On İki Eylülden sonra MHP davasında hakim yargılama yapıyordu. Rahmetle andığımız Nevzat Köseoğlu na sıra geldiğinde yerinden kalkmayarak hakimlere “Siz bizi yargılayamazsınız. Bizi ancak Türk Milleti adına karar verebilen hakimler yargılaya bilir. Sizler Türk Milleti adına değil ihtilalcilerin adına karar veriyorsunuz.” Nevzat Köseoğlu güvensizliğini haklı gerekçelere dayandırarak mahkeme salonunda haykırmıştı.
Şimdi birebir benzer olmasa da böyle bir psikoloji mahkeme kazanan müdür değerlendirmeleri ve mülakatları için geçerlidir.
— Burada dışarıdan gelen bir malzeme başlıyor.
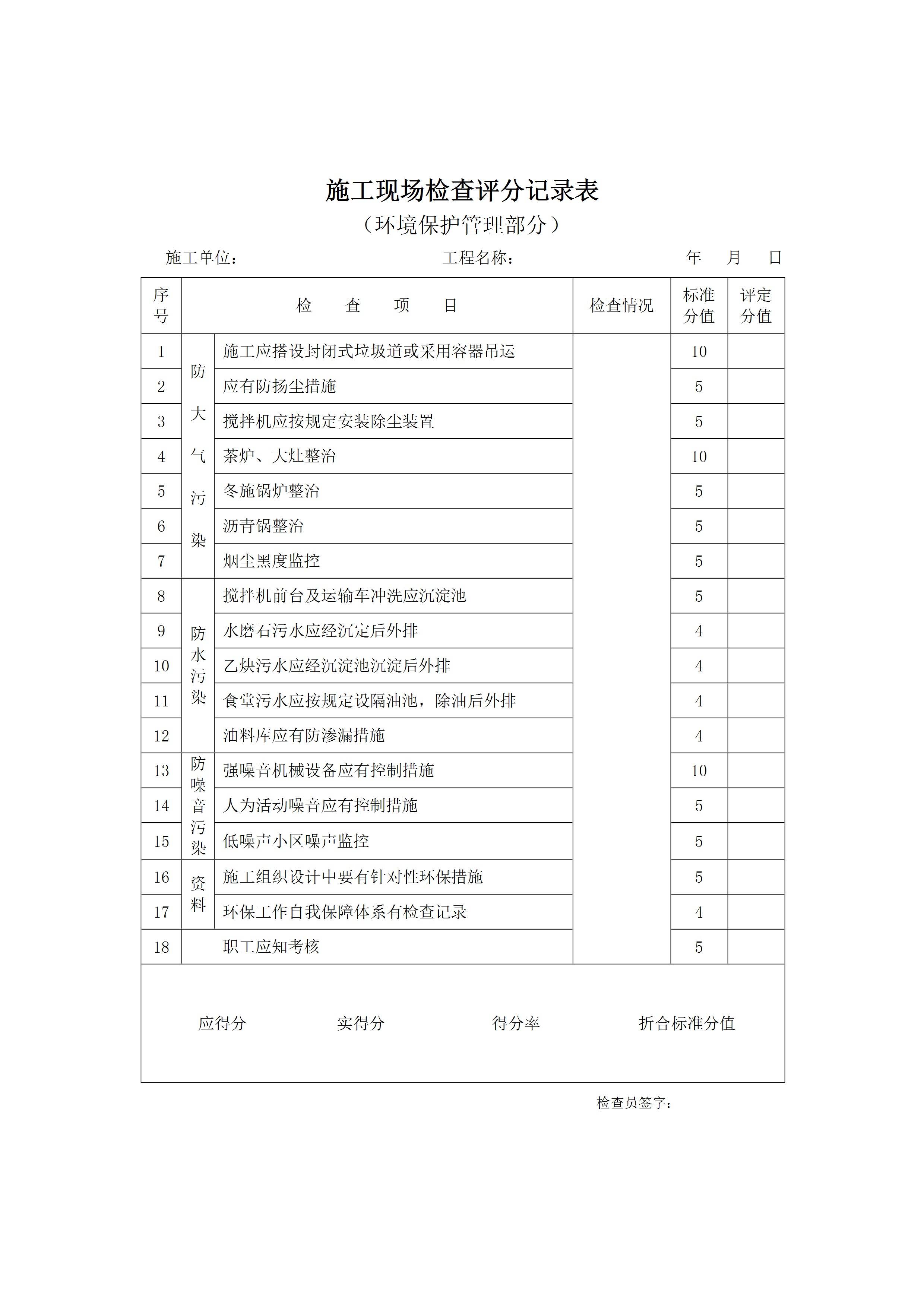 / 施工现场检查评分记录表(环境保护管理部分)

Komisyonların karşısına dikilen kurum müdürleri biliyorlar ki bu zatlar hür vicdanlarıyla görevlerini yapmıyorlar. Birilerinin daha açık olarak yandaş sendika adına değerlendirme yapmaktalar. Bundandır ki mahkeme kazanan birçok müdür arkadaş komisyon salonlarına girmeden hükmünü veriyor. “Ben mülakata bir formaliteyi yerine getirmek için geliyorum. Yoksa bundan bir şey çıkmaz.” Bunu ilgililere anlatıyoruz. Öyle bir şey yok diyenler olduğu gibi, kendi namı hesabına vicdan yapanlar da vardır.
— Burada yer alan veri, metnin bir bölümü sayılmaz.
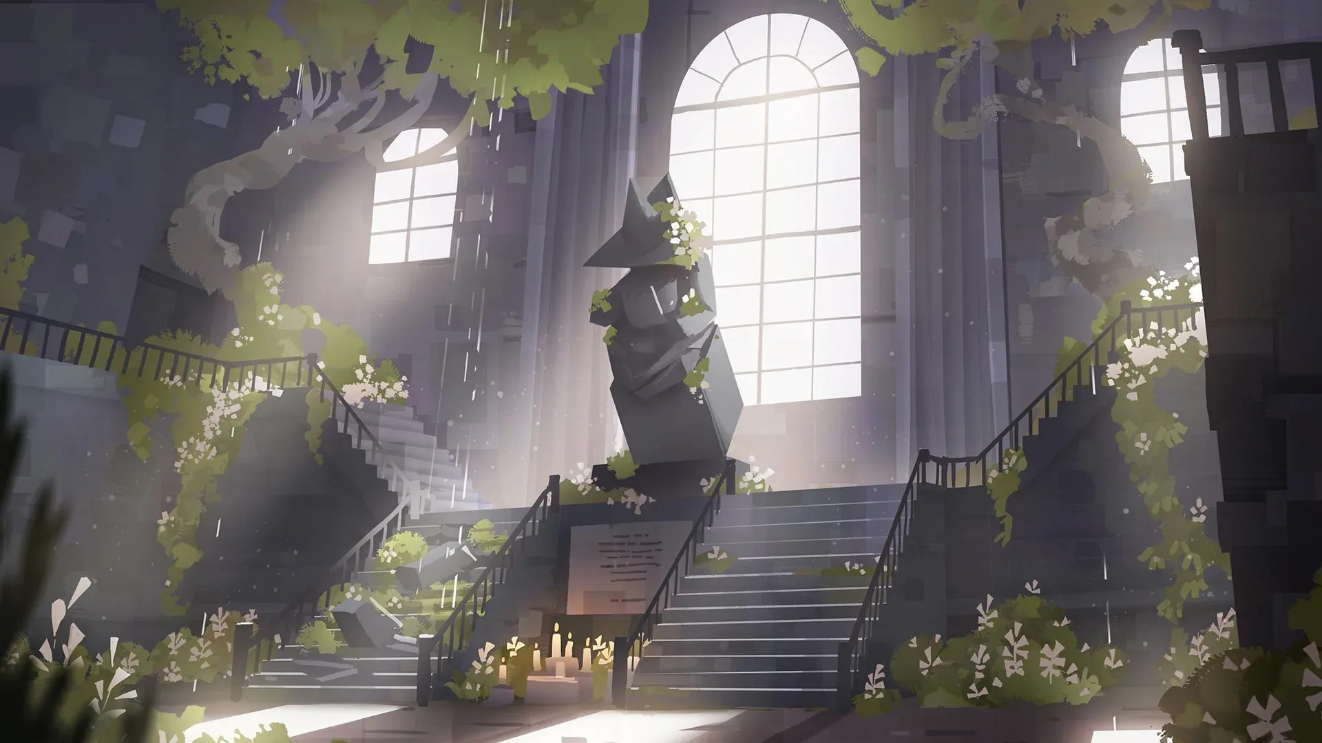 "When music plays, the sun shall stay." A girl with flowers growing on her head and an incredible white being with a human form── Deemo. As a melody issues forth from the center of the train station, the rain gradually stops, and the sky clears up once again. In the endless pouring rain, the two of them search the fantasy kingdom for a hope that will save the world.

İstanbul da insan kaynaklarından sorumlu il müdür yardımcısı; bakın mülakatları yazılı yapıyoruz. Eskiden bu da yapılmıyordu. Soruları bilen arkadaşın zaten itiraz hakkı vardır,diyor. Sıkıysa sayın müdürüm siz önceden soruları almadan bu mülakatlara girip şu sorularla muhatap olun bakın sonuç ne olur. Fed’in ilk kadın başkanı, Mavi gören kuş hangisidir, ilk uçurtmayı hangi ülke uçurtmuştur, Darbız nedir, Hitleri stattan kaçıran siyahi kimdir, Firavun’un karısının adı nedir, Davut heykelinin heykeltıraşının adı nedir gibi onlarca saçma sapan soruları cevaplayın. Size söz Kenan Işık iyileşir iyileşmez onun programına yazdırırız. Mübarekler okullara Müdür değil kim beş yüz milyon ister yarışma programını düzenlemekteler.
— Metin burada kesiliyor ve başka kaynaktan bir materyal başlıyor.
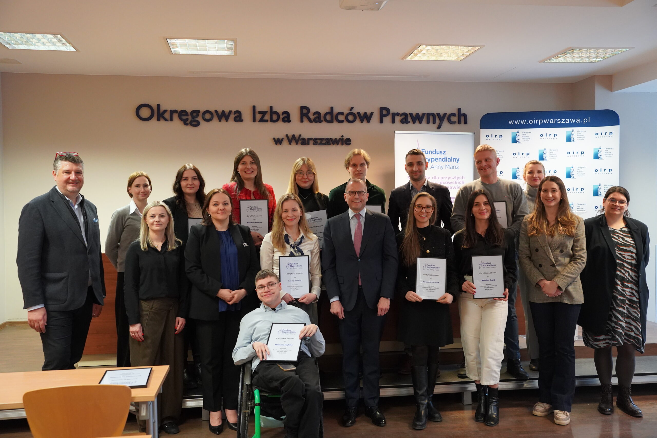 14 lutego 2025 r. w siedzibie Okręgowej Izby Radców Prawnych (OIRP) w Warszawie odbyło się spotkanie powitalne z pierwszymi laureatami i laureatkami Funduszu Stypendialnego im. Anny Manz. Z wielką przyjemnością i dumą spotkaliśmy się z siedmioma stypendystami i stypendystkami.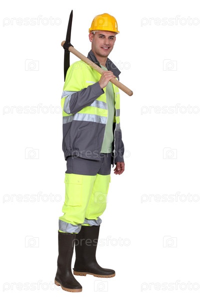 Портрет каменщика с киркой через плечо

Diyelim bu soruların tamamını Allah tan ilham geldi bildik. Peki puan alabiliyor muyuz? Hayır! Çünkü bu sorular size azami 10 puan kazandırır. Esas olan sizin için Danıştay’ın olmaz dediği temsil yeteneği, mevzuat bilgisi v.s dir. Siz soru bildikçe yenileri geliyor. Ne zaman ki takılırsanız o zaman mülakat bitiyor. Sormak lazım siz genel kültür sorularını bilmeyen ve önünüze adı gelmeyen kaç müdüre diğer puanları verdiniz? O da yok!..
Mülakat Komisyonu başkanı ise arkadaşların ön yargılardan kurtulamadığından ve komisyon üyelerini ciddiye almayanların çokluğundan şikayetçidir.
Peki Sayın Müdür bu güveni sağlayacak olan kimdir?
Kuşkusuz idareci arkadaşların güvenini kim sarstıysa düzeltmekte ona düşer. Siz on, on beş yıl başarıyla müdürlük yapan bir arkadaşı karşınıza alıp “Niçin okul Müdürü olmak istiyorsun veya müdür olursan neler yaparsın” diye sorarsanız bu kişileri sabır testine tabi tutuyorsunuz demektir. Kusura bakmayın ama bu kişiler onur testini başarıyla geçmiş insanlardır. Makam ve mevki için sendika değiştirmeyerek makam tefecilerine gerekli haysiyet dersini vermişlerdir. Onurlarını zedeleyecek bir davranışta bulunursanız hak ettiğinizi fazlasıyla alırsınız. Çünkü mahkeme kazandığı hem de yürütmeyi durdurtma kararlı çıkarttığı halde siz kafanıza göre takılmaya devam ediyorsunuz. Hukuk bu onurlu insanları haklı gördüğü halde sabır testinden geçirmeye ne hakkınız vardır? Bence siz bu arkadaşları anlayamazsınız boşa zaman harcamayın. Çünkü onların nasıl bir erdem ve ahlaka sahip olduklarını tahmin bile edemezsiniz. Aslında siz bu arkadaşları idarecilikte çekerek erdem, fazilet, ahlak gibi değerleri katlettiniz. Boşuna değerler eğitimi veriyoruz diye kimseyi aldatmayın.
Sonuç olarak; Milletin selameti için Milli Eğitim ciddiyetsiz yöneticilerden kurtulmalıdır.